Greece’s parliament convened a high-stakes hearing on Wednesday into the country’s Predator spyware scandal, as the Institutions and Transparency Committee summoned the director of the National Intelligence Service and the Supreme Court prosecutor to testify, only for the latter to formally refuse to appear.
The closed-door session brought together Themistoklis Demiris, director of the National Intelligence Service (EYP), and Minister of State Akis Skertsos, to address the intelligence agency’s role in the surveillance operations. The hearing was shut to the public on national security grounds, in keeping with standard practice under the ruling New Democracy government for hearings of this nature. PASOK leader Nikos Androulakis, one of the most prominent confirmed targets of the surveillance operations and among the most vocal critics of the government’s handling of the scandal, is attending the hearing.
Supreme Court Prosecutor Konstantinos Tzavellas had been scheduled to testify at 1 p.m. over his April 27 decision not to retrieve the Predator spyware case from the prosecutorial archive for re-examination, ruling that evidence cited by an Athens criminal court did not meet the legal threshold required under the Greek Code of Criminal Procedure to justify reopening it. Tzavellas, however, chose not to appear, sending instead a formal letter to the committee chairman, which he also copied to the Speaker of Parliament.
In the letter, Tzavellas argued that compelling a Supreme Court prosecutor to appear before parliament to answer for a judicial decision is incompatible with the constitutional principle of separation of powers. He grounded his refusal in a 2011 Supreme Court ruling concerning then-prosecutor Ioannis Tentas, which established that a Supreme Court prosecutor “cannot be called to parliament to provide answers on a jurisdictional ruling.” He further argued that his summons under Article 43, Paragraph 1 of the Parliamentary Rules of Procedure “is incompatible with the constitutional principle of separation of powers,” and added that the committee’s request was framed in vague terms, covering matters that were not sufficiently specified.
The refusal drew sharp criticism. Zacharias Kesses, an attorney representing a number of surveillance targets, called Tzavellas’s decision not to appear before parliament “sad and representative of the negative way he has chosen to be remembered.” He described the invocation of separation of powers as an act of the utmost hypocrisy from a prosecutor who, in his view, had acted in step with the executive and helped suppress the investigation. Kesses said Tzavellas’s handling of the case had defied logic, that he had ignored clear evidence, and had conducted himself in a manner that, as Kesses put it, even defense lawyers would not have dared.
Androulakis presses EYP chief on compliance and transparency
At the committee hearing, Androulakis praised Demiris for appearing before the committee, drawing a pointed contrast with Tzavellas, who had sent a letter in his place. He described the prosecutor’s absence as unjustifiable for a senior state official, arguing that a prosecutor of his standing is obliged not only to protect judicial independence but also to support the functioning of parliament.
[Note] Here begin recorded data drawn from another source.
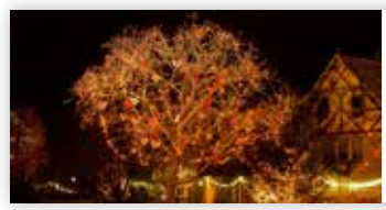
L'Écomusée d'Alsace fête Noël Du 30 novembre 2024 au 5 janvier 2025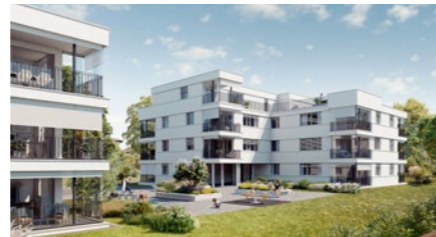
Wohnbauprojekt «Am Heuweg» in Aarau Rohr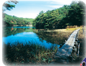
湿原保護協力費/200円

昭和55年に国の天然記念物 に指定され、「西の尾瀬」とも 形容されます。 200種を超える貴重な湿原 の植物が自生し、5月頃から 11月初旬まで自然を楽しむこ とができます。周囲は2.4km あります。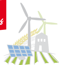
Agrarwirtschaft, Bio- und Umweltechnologie

E-Mail: schulen@senivita.de ; www.senivita-schulen.de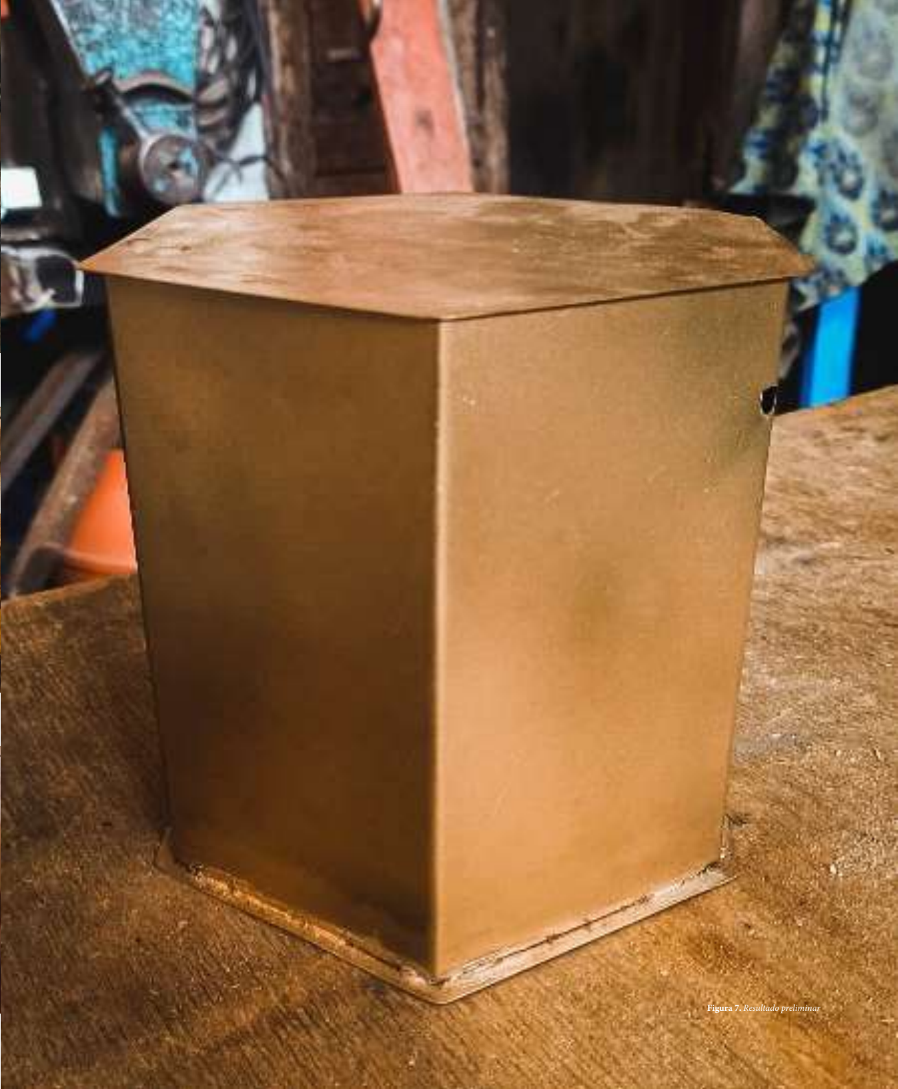
Figura 7. Resultado preliminar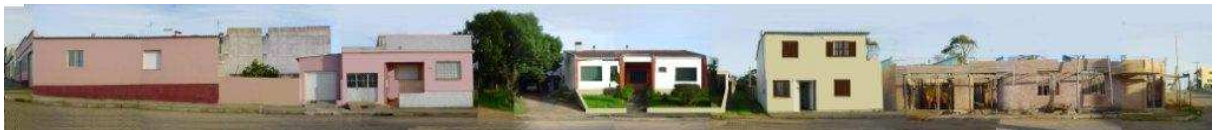
RUA SETE DE SETEMBRO_Q20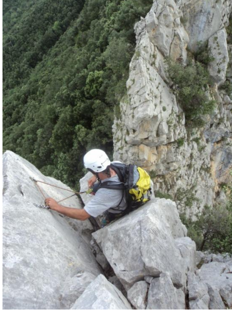
Inici del ràpel a la meitat de la cresta

Un cop passat el primer coll, la cresta perd verticalitat per pujar al segon dels pics, i en passos de IIº amb molts arbres on es poden col·locar ancoratges arribem al ràpel que hi ha a la meitat de l'itinerari. Una reunió amb 2 parabolts amb anella ens indiquen el punt exacte. Aquest ràpel, (25 metres) el farem lleugerament desviats a la dreta de la reunió, per un petit diedre que ens portarà directament al coll per continuar amb la cresta.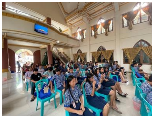
Gambar 4. Pelaksanaan Kegiatan PkM

Metode pelaksanaan PkM dalam bentuk sosialisasi dan diskusi oleh TIM BNNP dan Tim PKM FoN UPH dirasakan efektif bagi remaja dalam membenteng generasi penerus bangsa terhindar dari bahaya pengalagunaan narkoba dan miras hal ini dapat dilihat dari antusias remaja dalam mengikuti kegiatan (Gambar 4). Hal ini sejalan dengan hasil PkM oleh Nurdiansyah et al. (2022), Fahrezi et al. (2023) dan Picauly et al. (2022) yang mangatakan metode ini efektif dalam meningkatkan pengetahuan remaja terhadap bahaya Miras dan Napza bagi Kesehatan dirinya.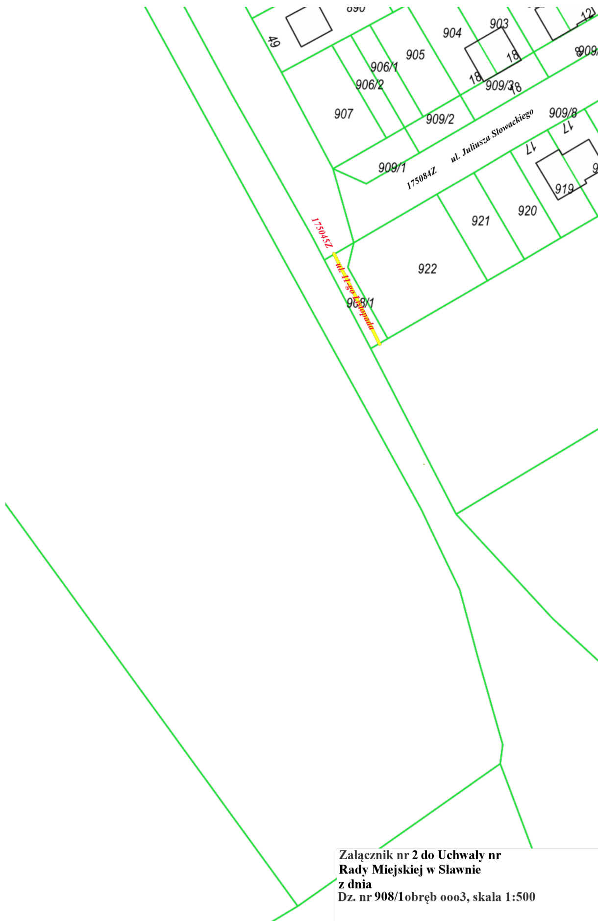
Załącznik nr 2 do Uchwały nr Rady Miejskiej w Sławnie z dnia Dz. nr 908/1obręb 0003, skala 1:500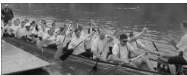
JEDEM! Sněženy a Machři vyrážejí do boje.

Začátkem května se tým ZŠ Rěvnice částnil závodů dračích lodí v Dobřichovicích. Původně jsme sice pláno-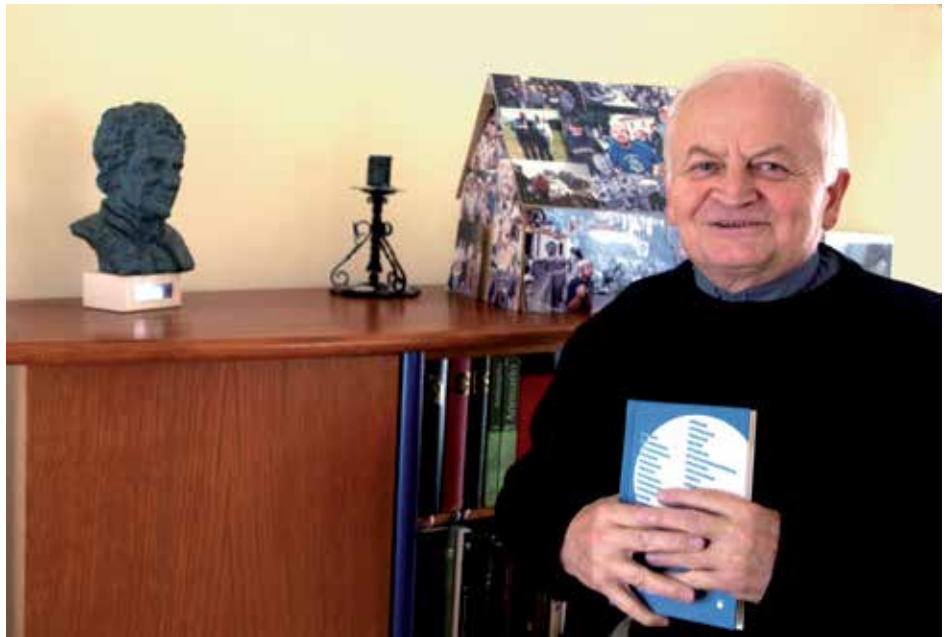
Biskup Karel Herbst.

Když sleduji dobře naladěného pana biskupa, napadá mě, že jeho život nebyl jednoduchý. Kněžské svěcení přijal v roce 1973, už v roce 1975 mu byl odňat státní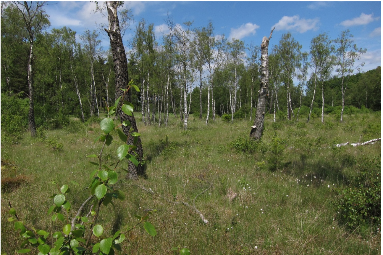
Skovbevokset tørvemose ved Boest Bæk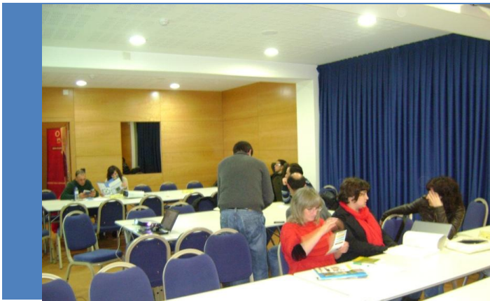
Chegada dos primeiros participantes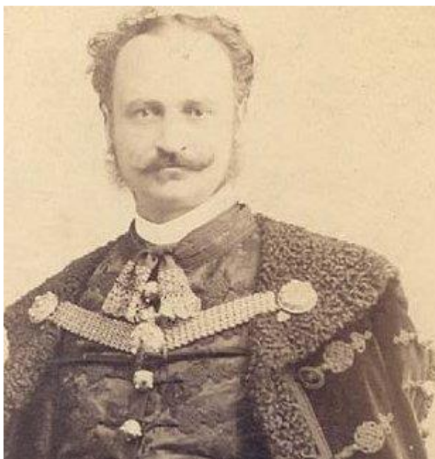
4. br. Wlassics Gyula, a Felsőház első elnöke az újjáalakulását követően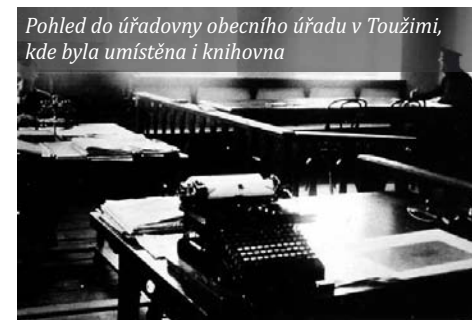
Pohled do úřadovny obecního úřadu v Toužimi, kde byla umístěna i knihovna

Celkové příjmy knihovny činily v roce 1910 192 rakousko-uherských korun (K), z toho 65 K získala knihovna od spolků, společenstev a podobných organizací, a 127 K z poplatků za využívání a ze zápisného (vč. dobrovolných poplatků a pokut). Výdaje činily celkem 203 K, z toho 120 K bylo vydáno na zakoupení knih a na předplatné časo-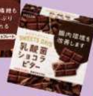
乳酸菌 チョコ ビター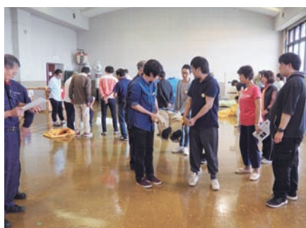
避難誘導、救出要領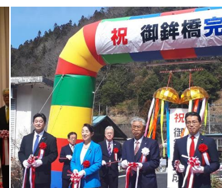
川場村・武尊大橋、みなかみ町・新三国トンネル、神流町・御鉾橋、それぞれ県内重要インフラの完成・開通式典に出席致しました。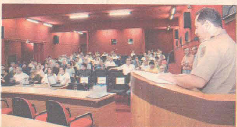
A Polícia Militar foi pouco questionada na audiência

Felizmente no final, após muita discussão, chegaram a um denominador comum e criaram uma comissão para analisar uma maneira de reduzir a burocracia existente.

Androulakis noted that Tzavellas had himself signed off on surveillance warrants while declining to appear before the accountability committee.
Androulakis also expressed strong displeasure at the EYP’s failure to comply with Council of State ruling 465/2024, issued by Greece’s Supreme Administrative Court, which requires intelligence services to give surveillance targets access to the full warrant documentation relating to their monitoring. He said that in his own case, the communications privacy watchdog ADAE had provided him only with the reference number of the relevant order, with the service refusing to release any further information. He called on Demiris to hand over the full warrant file immediately and pressed him to explain on what legal basis the agency was continuing to withhold it, given that Prime Minister Kyriakos Mitsotakis had himself stated during a 2023 televised debate that there had been no national security justification for monitoring Androulakis. He warned that he was prepared to pursue legal action against all those responsible, including the EYP director personally.
Androulakis closed by asking Demiris to clarify what he meant by references to the “difficult conditions” under which he had taken over the service, and recalled that he had previously requested security checks on the mobile phones of ministers and members of parliament to protect them from illegal surveillance software, without receiving any response. “I see more hypocrisy than concern for national security,” he concluded, addressing the EYP director.
Tzavellas refusal follows a pattern established by his predecessors. The same constitutional argument was deployed in August 2024, when the Supreme Court rejected a parliamentary request to summon then-prosecutor Georgia Adeilini and deputy prosecutor Achilleas Zisis, both of whom had handled key aspects of the surveillance investigation. Similar requests in early 2024, seeking information on disciplinary proceedings against other judicial officials involved in the case, met the same fate.